Thanks for all the suggestions and keep them coming if anyone thinks of anything else.


----------



## limr (Jan 2, 2015)

Light Guru said:


> Get the Massive Dev Chart Timer app. It gives you good starting points for developing based on film and developer type. It also has a nice timer to use while developing film.



I was going to suggest the same thing: The Comprehensive Development Times Chart (also has a link to the app)



480sparky said:


> timor said:
> 
> 
> > Do you have any experience with loading medium film into developing tank ? Bag is the worst proposal,.......
> ...



I agree. When I first started developing, I used the bag for both 35mm and 120 and had no issues. It is a good idea to practice a few times in the light so you can see what is happening, but once you know what to feel for, it's not hard to do in the bag. Just takes a little getting used to.


----------



## timor (Jan 2, 2015)

480sparky said:


> timor said:
> 
> 
> > Do you have any experience with loading medium film into developing tank ? Bag is the worst proposal,.......
> ...


Ha ha! Loading 135 is easy enough and there is a safe technique to do it. But 120 is nothing like that. When OP ends up with kinked negative and finger prints on emulsion he will know. All I am saying is, if you in your own home, you can always find a way to avoid bag. I am doing it for 35 years, I lived in numerous places and I always could find a place, some dark corner, to do it. It is not about how big is the bag, it is about choosing the best option.


----------



## Nevermore1 (Jan 2, 2015)

timor said:


> Ha ha! Loading 135 is easy enough and there is a safe technique to do it. But 120 is nothing like that. When OP ends up with kinked negative and finger prints on emulsion he will know.

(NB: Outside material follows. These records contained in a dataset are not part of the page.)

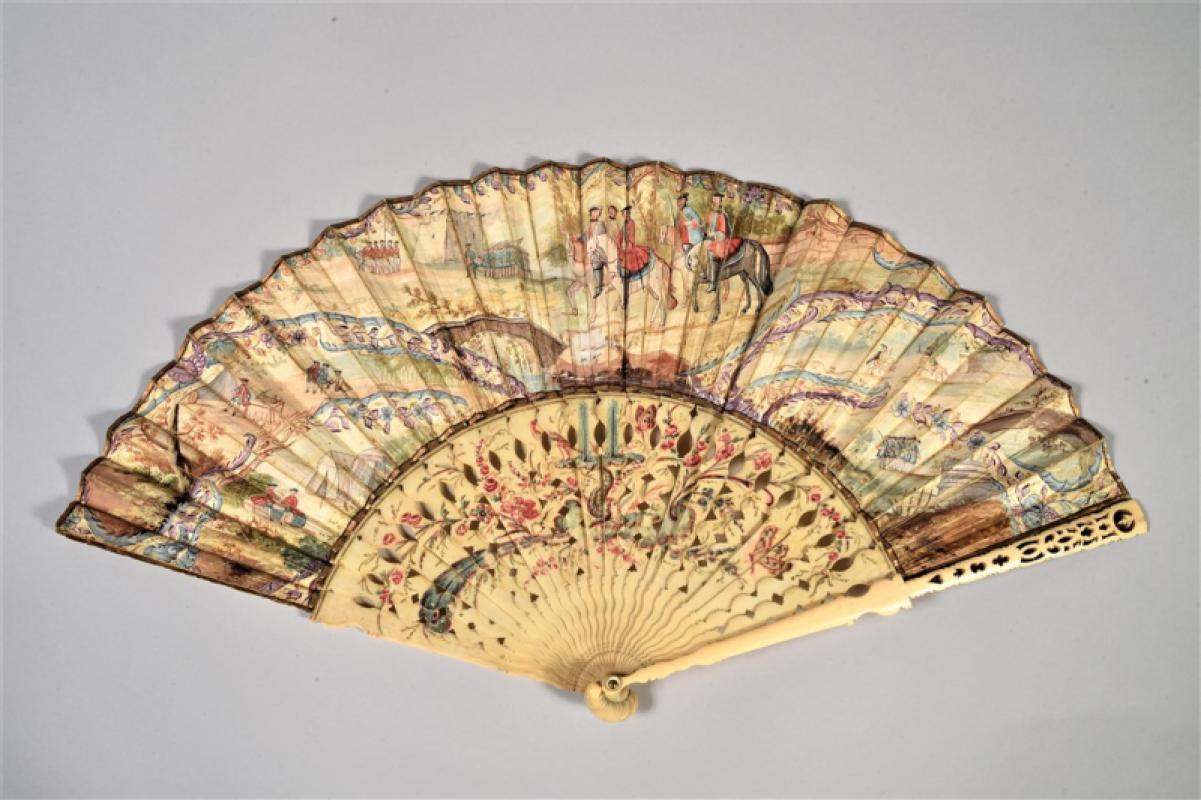 Eventail de type plié en ivoire, à 25 brins, les panaches ajourés et chantournés. La feuille en parchemin peint à la gouache d'une scène de manoeuvres militaires; Les bordures sont renforcées d'une bandelette de bordage dorée. Les brins, à découpe alternée en serpentin crenelé et droite, sont peints d'une fontaine, d'oiseau et de papillons dans des bouquets de fleurs.
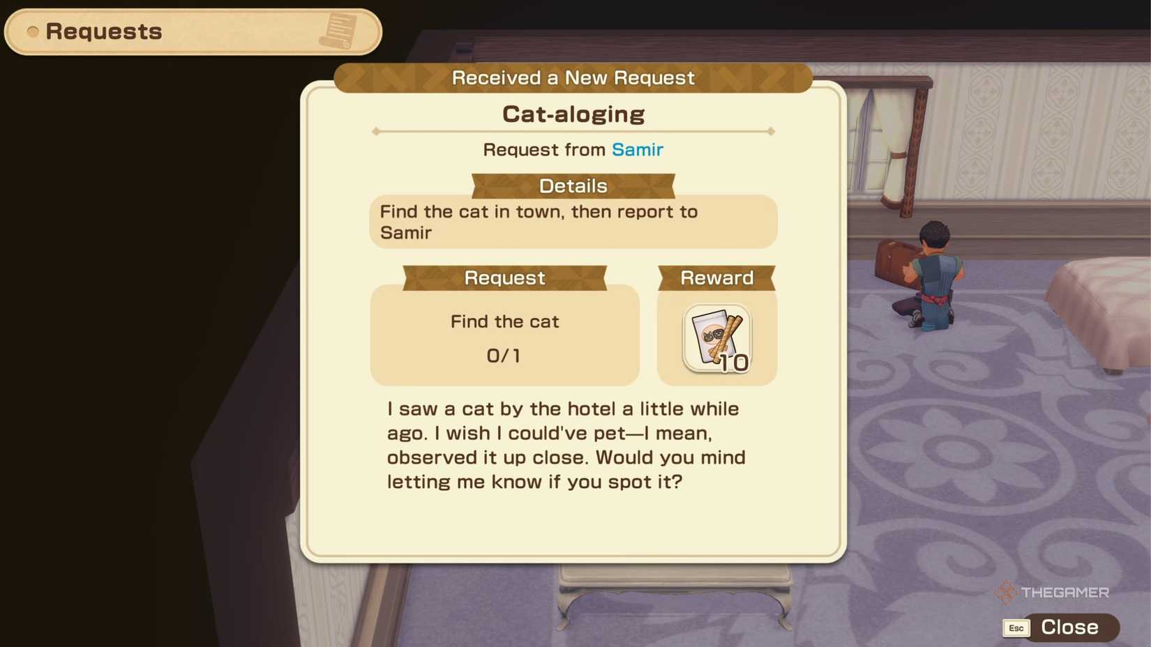 Most of these requests are simple fetch quests, but some ask you to visit a location and find a particular item. One such request is cataloging, where you’ll need to locate a specific cat. If you’re trying to find the cat for this request, the process isn’t complicated—you won’t have to look very far.
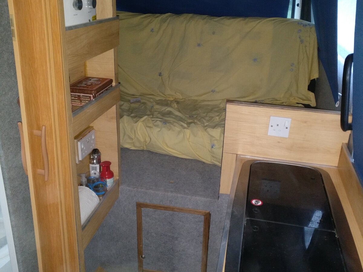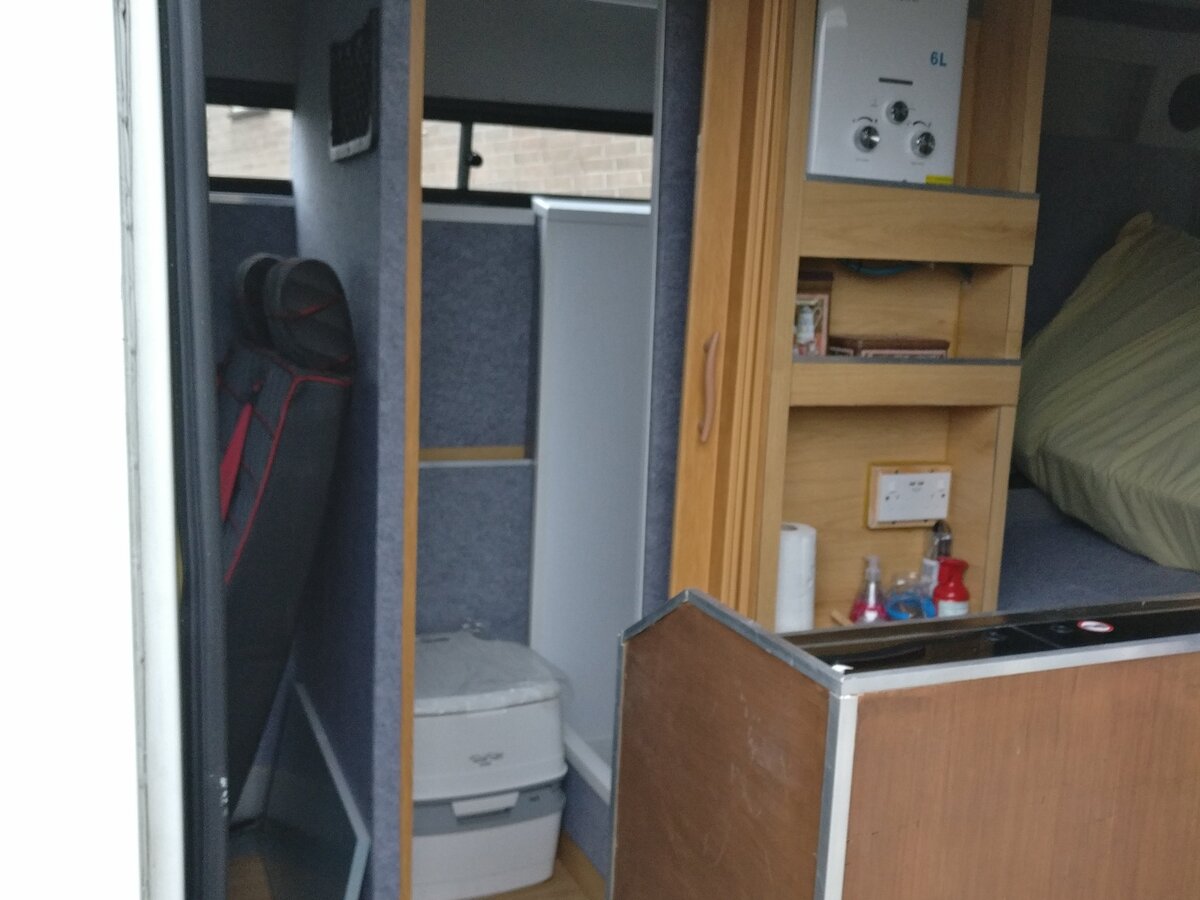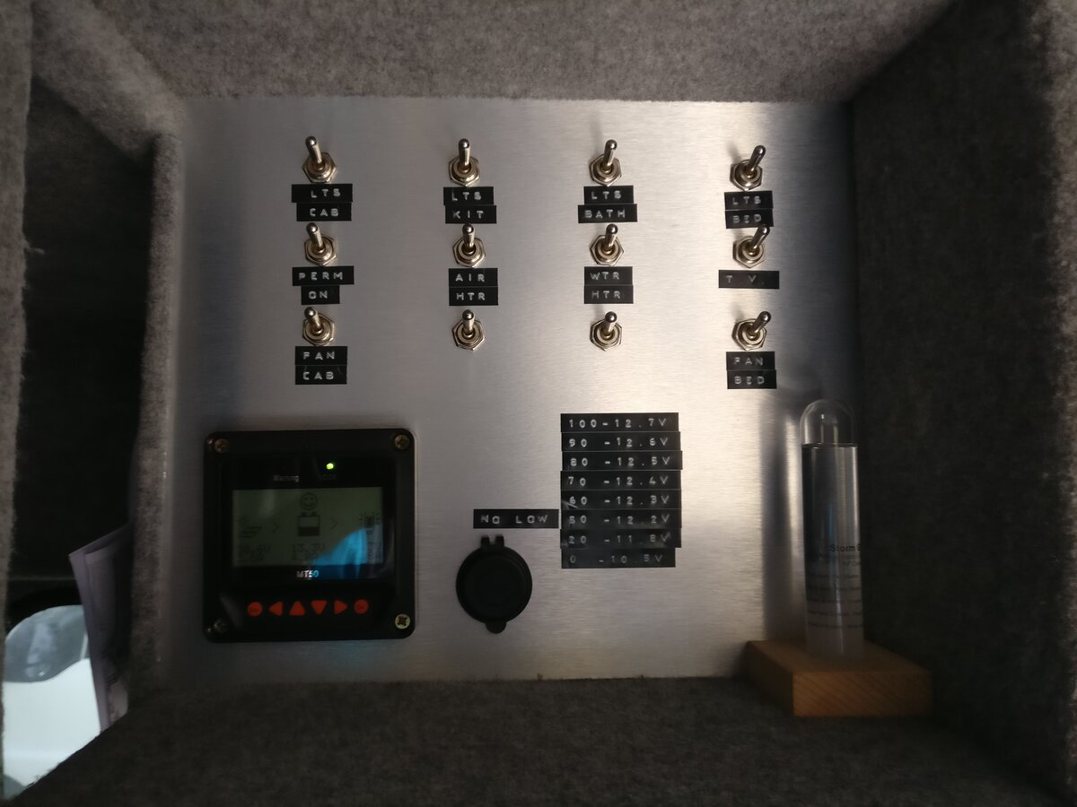 Jo and I bought a partly converted campervan which had previously been an old school bus. The existing conversion was basic and tired, so we stripped it back completely and rebuilt it from scratch to a high standard. We installed captains seats, a full 12V electrical system with a custom switch panel, a gas cooker, gas heater, gas water heater, a solar panel with leisure batteries, a water tank, a TV, handmade curtains, a dedicated workspace, a shower cubicle, carpet throughout, and quality oak finishing throughout.
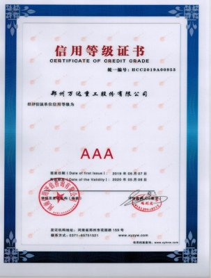 2019/05/07   744 2019年5月7日,河南信用評估咨詢有限公司簽發AAA主體信用等級證書授予鄭州萬達重工股份有限公司。在2019年的AAA主體信用評級中,鄭州萬達重工股份有限公司順利通過復審,榮獲AAA信用等級證書,保持了連續多年的AAA信用等級。 我國企業信用評估的信用等級采用國際通行的四等十級制評級等級,具體等級分為:AAA,AA,...
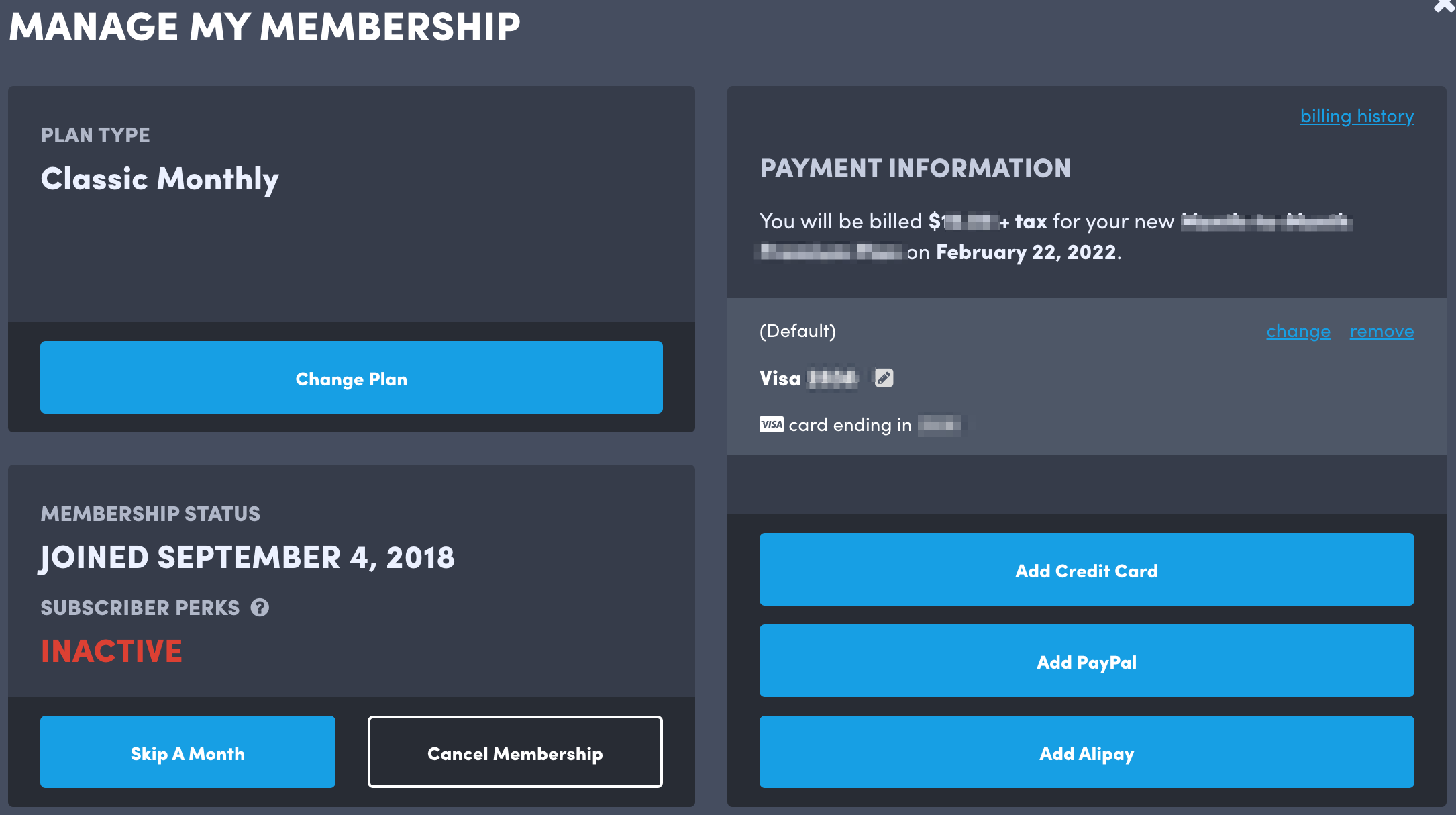 왼쪽 아래를 보면 건너뛰기(Skip A Month) 혹은 해지(Cancel Membership)가 있습니다.
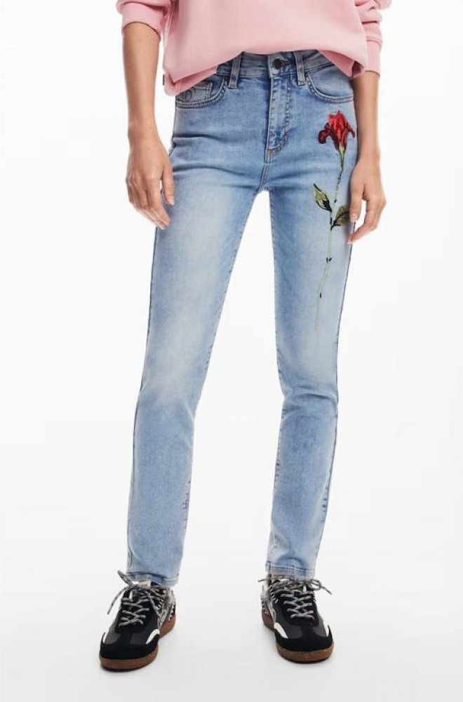 Moderní dámské jeans Aina od značky Desigual. Kombinují jak estetickou přitažlivost, tak funkční pohodlí. Květinová výšivka motivy přitahuje pozornost, ale také přidává kalhotám dotek ženskosti a romantiky. Široké nohavice poskytují více prostoru pro nohy, což zvyšuje pohodlí při nošení a umožňuje větší volnost pohybu. . Kombinace bavlny s elastickými vlákny zaručuje, že kalhoty se přizpůsobí tvar...
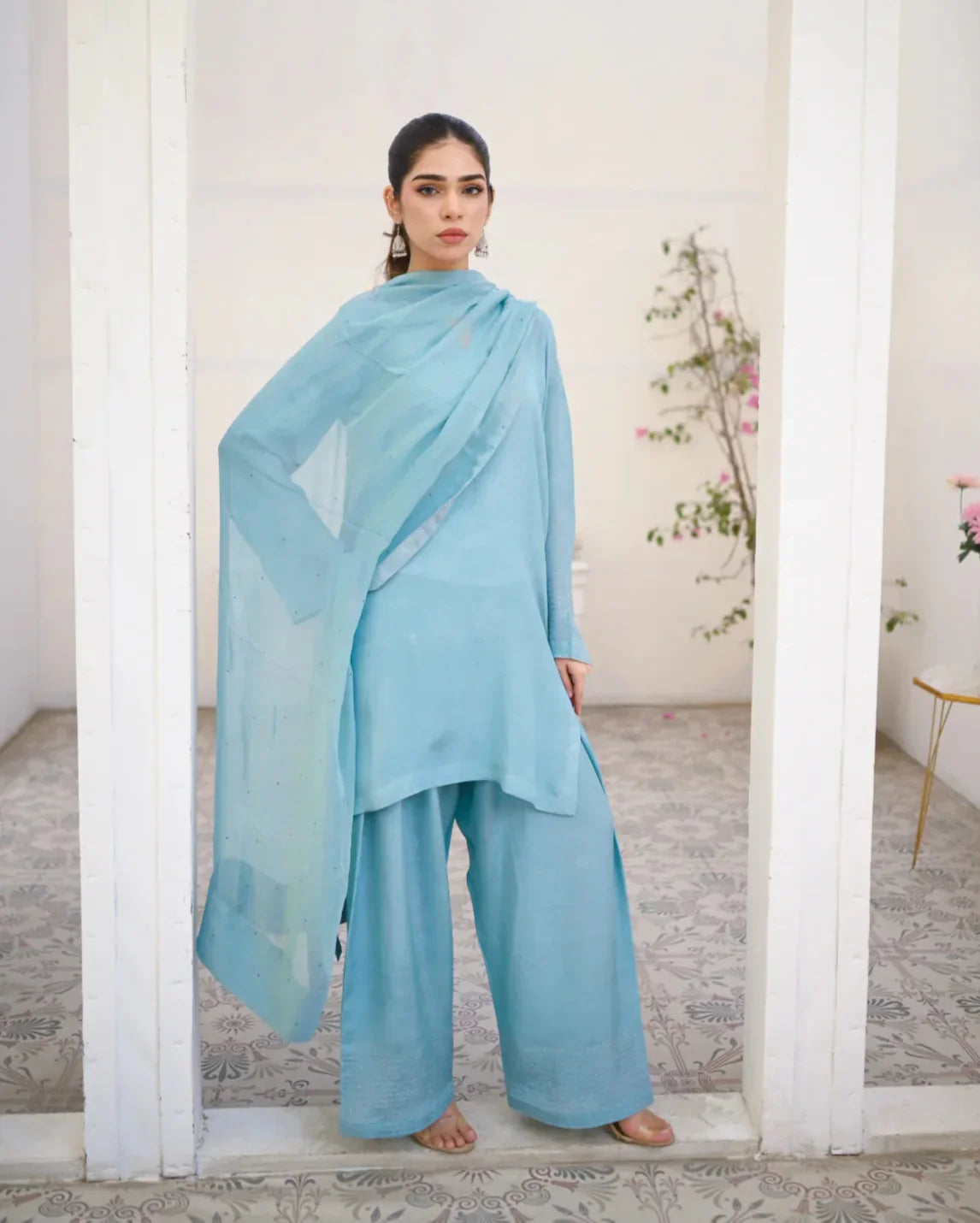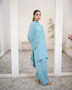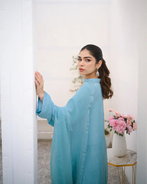 Zauk Stitched 3 Piece Collection-Cyan - Farshi Shalwar Set
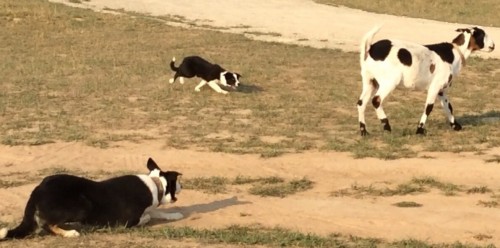 Hootie is one of the most intense and natural 5 month old puppies we have ever seen. He LIVES to work and has intense eye, TONS of style, natrual creep and movement and incredible instincts. He isnt too pushy, but will definitely bite (hard!) when needed. He isnt afraid of anything and will not back down from pressure or stock. He is going to make a SUPER STAR working dog for sheep or cattle.
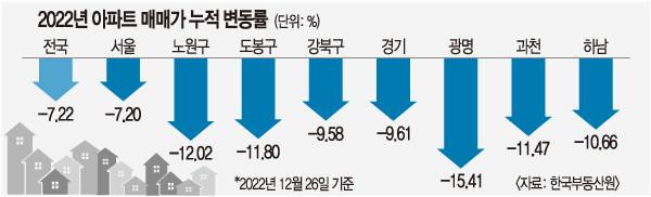 5곳의 규제지역 중 해제가 유력한 곳은 경기 광명, 과천, 하남 등 지난해 부동산 가격이 급락한 지역이다. 한국부동산원에 따르면 지난해 경기 아파트 가격은 9.61% 하락했다. 광명(-15.41%), 과천(-11.47%), 하남(-10.66%), 성남 수정구(-11.06%) 등의 하락세가 두드러졌다. 특히 광명의 경우 지난해 11월 주정심 이후 5주 만에 아파트 가격이 6.80% 하락했다.

That's why I don't expect much for the first dozen or so rolls.  Gotta learn someway![emoji6]


----------



## Gary A. (Jan 2, 2015)

Timor makes a good point. Rolling film onto a steel reel takes some practice. But it is like riding a bike. I hadn't developed any film in decades ... a week ago I developed my first film, steel reel, 120mm film. I was very apprehensive, but it went on smooth as silk. I was very surprised and very pleased with myself (lol). If you are a neophyte practice in daylight with a throw-away roll. Then with your eyes closed, then in the bag. Remember to fold a bit back for the clip, then a slight pinching of the film and an effortless roll. 
Good Luck and Good Shooting,
Gary


----------



## 480sparky (Jan 2, 2015)

timor said:


> Ha ha! Loading 135 is easy enough and there is a safe technique to do it. But 120 is nothing like that. When OP ends up with kinked negative and finger prints on emulsion he will know. All I am saying is, if you in your own home, you can always find a way to avoid bag. I am doing it for 35 years, I lived in numerous places and I always could find a place, some dark corner, to do it. It is not about how big is the bag, it is about choosing the best option.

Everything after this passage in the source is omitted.